Paramagnonlike excitations and spin diffusion in magnetic resonance studies of copper oxide superconductors

TL;DR

This paper develops a relaxation function theory for doped 2D Heisenberg antiferromagnets in the paramagnetic state, analyzing spin excitations and diffusion in high-$T_c$ copper oxide superconductors across temperature and doping levels.

Contribution

It introduces a comprehensive theoretical framework for understanding paramagnonlike excitations and spin diffusion in cuprates, connecting experimental relaxation data with spin dynamics regimes.

Findings

Identification of long lifetime paramagnon regimes below 400 K.

Detection of overdamped excitations above 700 K.

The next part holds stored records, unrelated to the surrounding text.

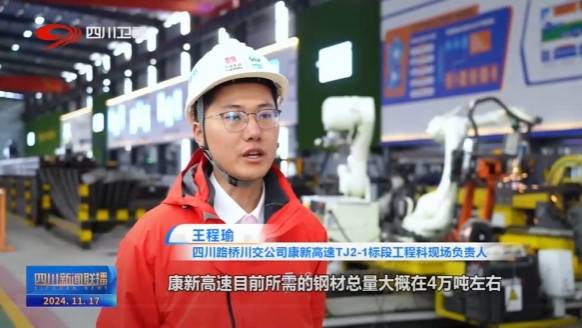 四川路桥川交公司康新高速TJ2-1标段工程科现场负责人 王程瑜:康新高速目前所需的钢材总量大概在4万吨左右,通过自动化产线,加工中心目前每个月可以生产1000吨左右的钢材,可以完全保障所有工区的正常生产节奏。
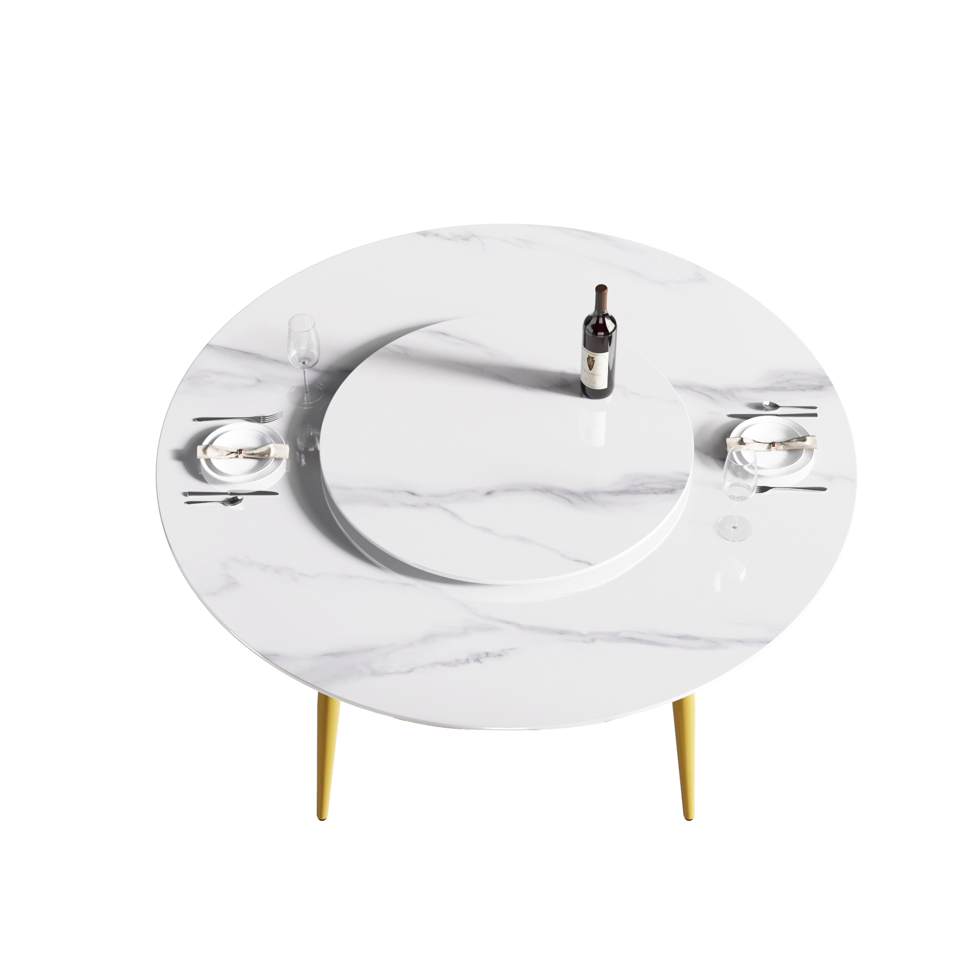 This modern and simple dining table will become the core of your dining, because it is not only the place where you hold dinner and family dinner, but also adds beauty to your space. Undoubtedly, the most striking thing about this dining table is the contrast between the snow-white panel and the aesthetic texture on the table top. Candlesticks can be placed on the big space desktop to create a romantic atmosphere for loved ones and create a beautiful environment for family dinners and delicious food ~Product description:[White Simple Appearance] This round table is made of artificial stone, and it is made into a perfect dining table with exquisite craftsmanship. It can accommodate 8 people. The hollowed-out base adds a touch of medieval simplicity to this table.[Strong dining table panel & easy to clean] Desktop is one of the strongest surfaces, made of sintered stone, which is pressed into a blade shape after heating, providing you with a desktop that can be used for many years. This material can prevent burns, stains and scratches, and has the characteristics of heat resistance, fire resistance and antifouling.[Rotatable disk] Adding a rotatable disk to the dining table can increase the area of the dining table. The rotating design can make everyone in the family taste every dish easily.Product advantages:[Anti-fouling & easy cleaning] Extremely low water permeability can make oil or liquid impermeable, and the desktop can be kept clean only by wiping.[Fire resistance and high temperature resistance] When in direct contact with high-temperature objects or flames, it will not deform, crack or emit gas or odor.[Using natural materials] Natural materials do not release harmful substances, and are 100% recyclable. No radiation, direct contact with food.Warm tip:During the processing of natural materials, there will be subtle changes in color tone, surface texture and texture, and there will be subtle differences with pictures, which is a normal phenomenon. Natural changes are not regarded as product defects.
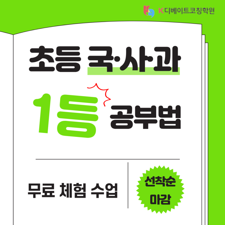 [공지] [김포 K디베이트코칭학원] 초등 국어똑, 사과똑 무료 체험 수업!
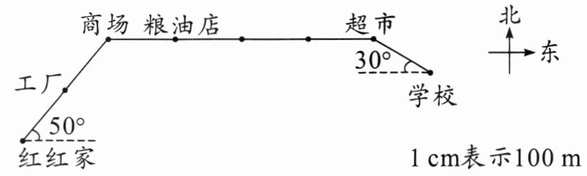 1. 红红从家往东偏北50°方向走200 m到达商场,再往东走400 m到达超市,最后往东偏南30°方向走100 m到达学校。
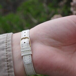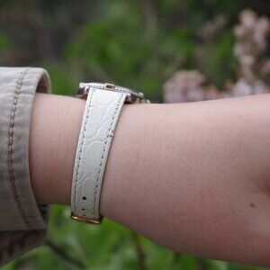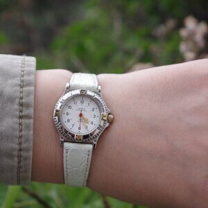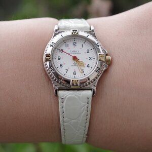 Working Leather white strap Caprice Ladies watch. Japan movement steel back ,in good condition.

Mapping of spin excitation regimes in the temperature-doping phase diagram.

Abstract

The relaxation function theory for a doped two-dimensional Heisenberg antiferromagnetic system in the paramagnetic state for all wave vectors through the Brillouin zone is presented in view of low frequency response of high-$T_c$ copper oxide superconductors. We deduced the regions of long lifetime [$T \lesssim 400(1-4x)$ K] and "overdamped" [$T \gtrsim 700(1-4x)$ K] paramagnonlike excitations in the temperature ($T$)-doping index ($x$) phase diagram from plane oxygen nuclear spin-lattice relaxation rate $^{17}(1/T_1)$ data in up to optimally doped La$_{2-x}$Sr$_{x}$CuO$_{4}$ thus providing the regimes for the spin wave concept and the ''overdamped'' mode.